> [TASK OBJECTIVE]
Return the listing below unchanged, minus its pictures.

> [DATASET EXCERPT]
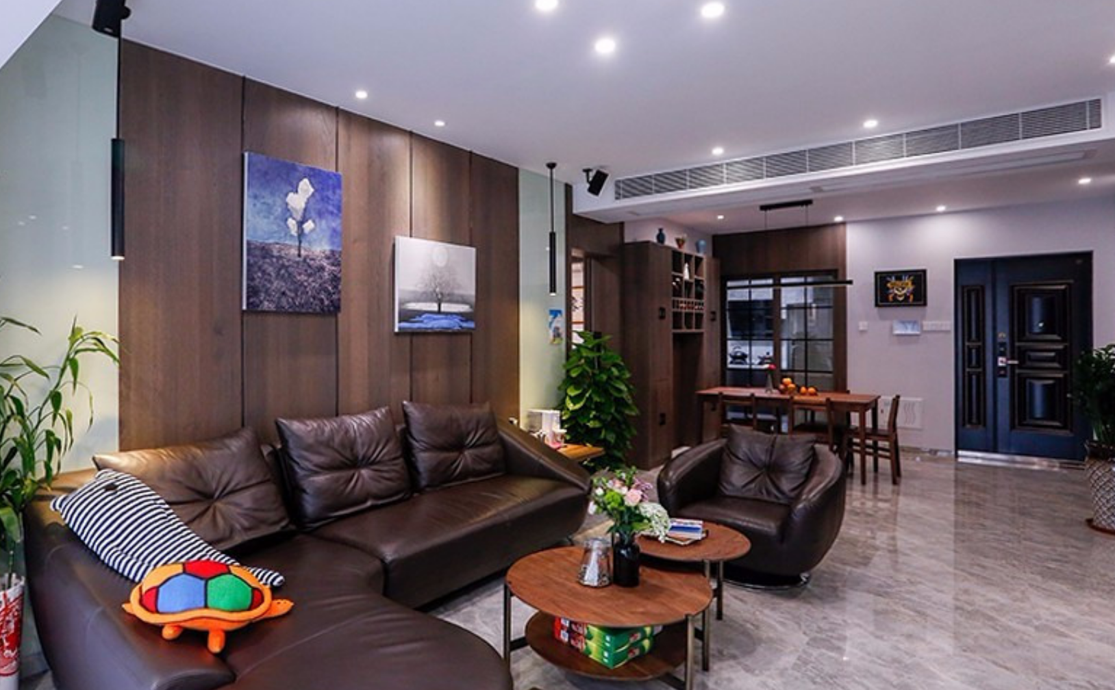 棕色的皮質沙發搭配咖啡色木質紋理護墻板做裝飾,打造愜意之感;兩個黑色的線狀吊燈,纖長的造型成為沙發一角的亮點。
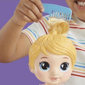 Dar banho na bebê: as crianças irão se divertir na hora do banho com sua nova amiga Frasco com bolhas mágicas: basta inclinar o frasco para ver as bolhas de mentirinha subirem e descerem as crianças podem brincar com o frasco com água ou shampoo infantil Boneca de 28 cm resistente à água: a boneca de 28 cm é ideal para abraçar e carregar por aí Enrolar na toalha: enrolar a boneca na toalha macia com fechos para encaixar Pentear cabelo: as crianças podem brincar de criar penteados com o pente e laço removível.
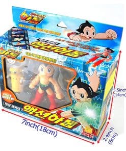 Esta lista es para el set de figuras de acción de Astro Boy(Atom) por Takara tomy. Este set de figuras fue lanzado en 2003 y está en una condición nueva sin abrir, este artículo es muy raro y difícil de encontrar incluso en Corea. Incluye: Figura de Astro Boy(Atom), figura de Robita, Cañón de brazo(arma), Botas, Soporte para figuras. La cubierta de la caja está escrita en idioma coreano.
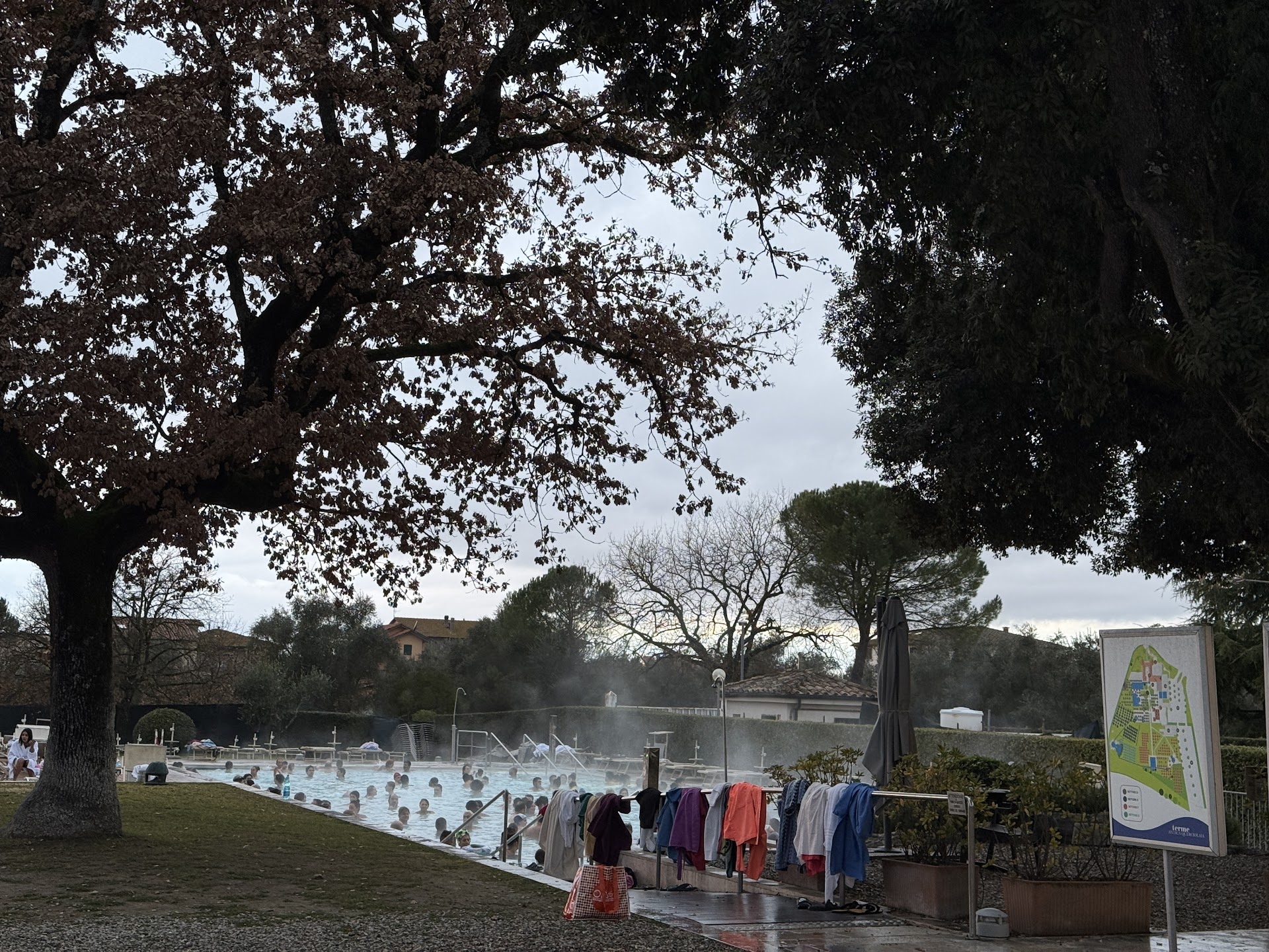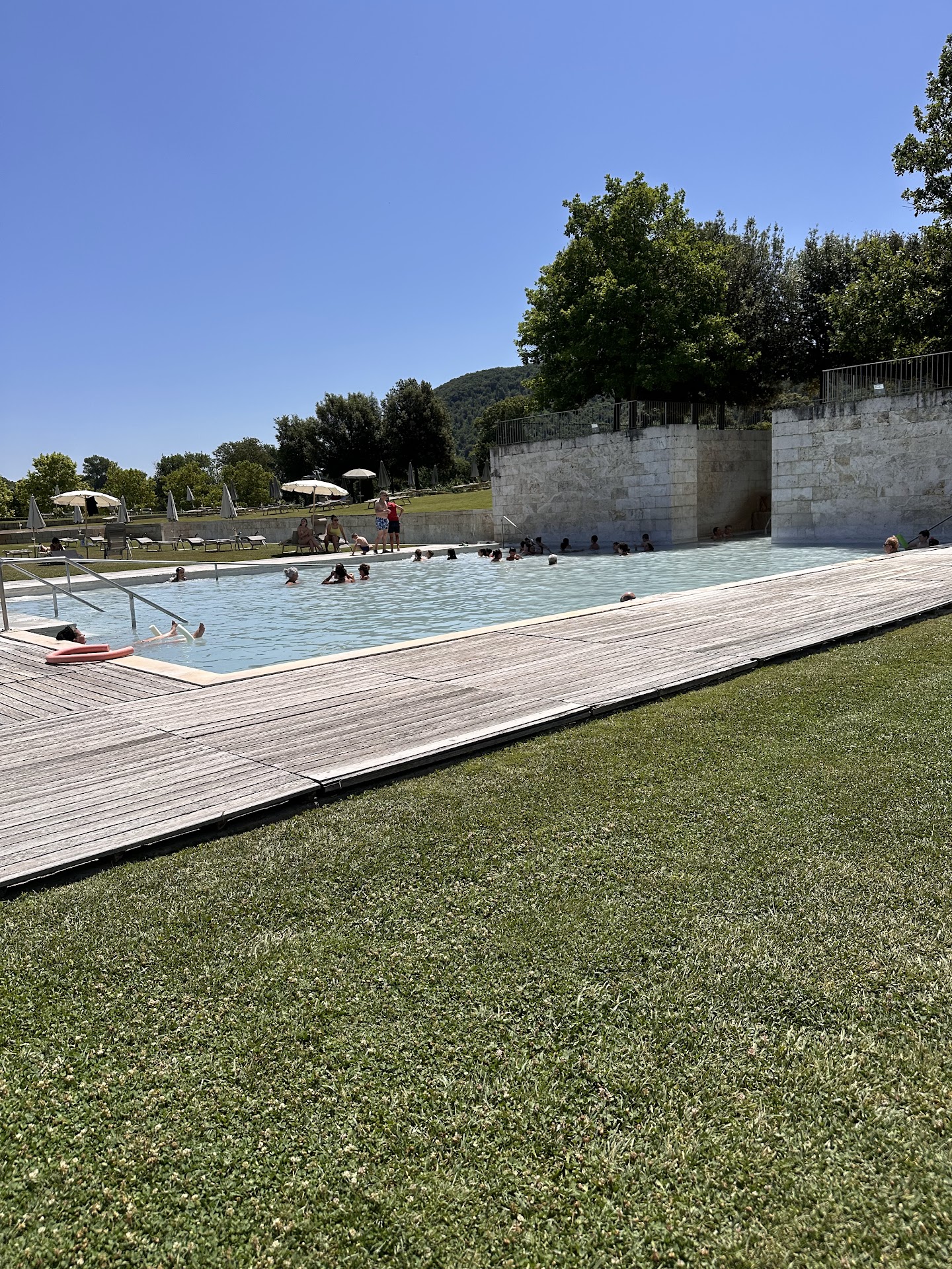 A great relaxing day out. Lots of loungers in the gardens (with some trees for shade - it was 38C the day we went so welcome) and surprisingly uncrowded so lots of space. The pools vary in temperature and quite large for hot pools so no wait for the one hot one. The water is a bit cloudy due to the minerals in it and has the classic sulphur egg smell but not off putting at all. The place is nicely built in stone. Facilities were good, changing tools, toilets, showers and all really clean plus a bar and basic food - but fine to bring your own sandwiches and drinks (we did). Don’t expect a hotel spa experience, it’s much more a really nice swimming pool complex and good for families. Rest of customers seemed to be some families (this is late July), some couples and lots of older people, almost all Italian. Recommend as a ‘down day’ between hill town...

> [SOLUTION TO THIS PROBLEM]
 棕色的皮質沙發搭配咖啡色木質紋理護墻板做裝飾,打造愜意之感;兩個黑色的線狀吊燈,纖長的造型成為沙發一角的亮點。
 Dar banho na bebê: as crianças irão se divertir na hora do banho com sua nova amiga Frasco com bolhas mágicas: basta inclinar o frasco para ver as bolhas de mentirinha subirem e descerem as crianças podem brincar com o frasco com água ou shampoo infantil Boneca de 28 cm resistente à água: a boneca de 28 cm é ideal para abraçar e carregar por aí Enrolar na toalha: enrolar a boneca na toalha macia com fechos para encaixar Pentear cabelo: as crianças podem brincar de criar penteados com o pente e laço removível.
 Esta lista es para el set de figuras de acción de Astro Boy(Atom) por Takara tomy. Este set de figuras fue lanzado en 2003 y está en una condición nueva sin abrir, este artículo es muy raro y difícil de encontrar incluso en Corea. Incluye: Figura de Astro Boy(Atom), figura de Robita, Cañón de brazo(arma), Botas, Soporte para figuras. La cubierta de la caja está escrita en idioma coreano.
 A great relaxing day out. Lots of loungers in the gardens (with some trees for shade - it was 38C the day we went so welcome) and surprisingly uncrowded so lots of space. The pools vary in temperature and quite large for hot pools so no wait for the one hot one. The water is a bit cloudy due to the minerals in it and has the classic sulphur egg smell but not off putting at all. The place is nicely built in stone. Facilities were good, changing tools, toilets, showers and all really clean plus a bar and basic food - but fine to bring your own sandwiches and drinks (we did). Don’t expect a hotel spa experience, it’s much more a really nice swimming pool complex and good for families. Rest of customers seemed to be some families (this is late July), some couples and lots of older people, almost all Italian. Recommend as a ‘down day’ between hill town...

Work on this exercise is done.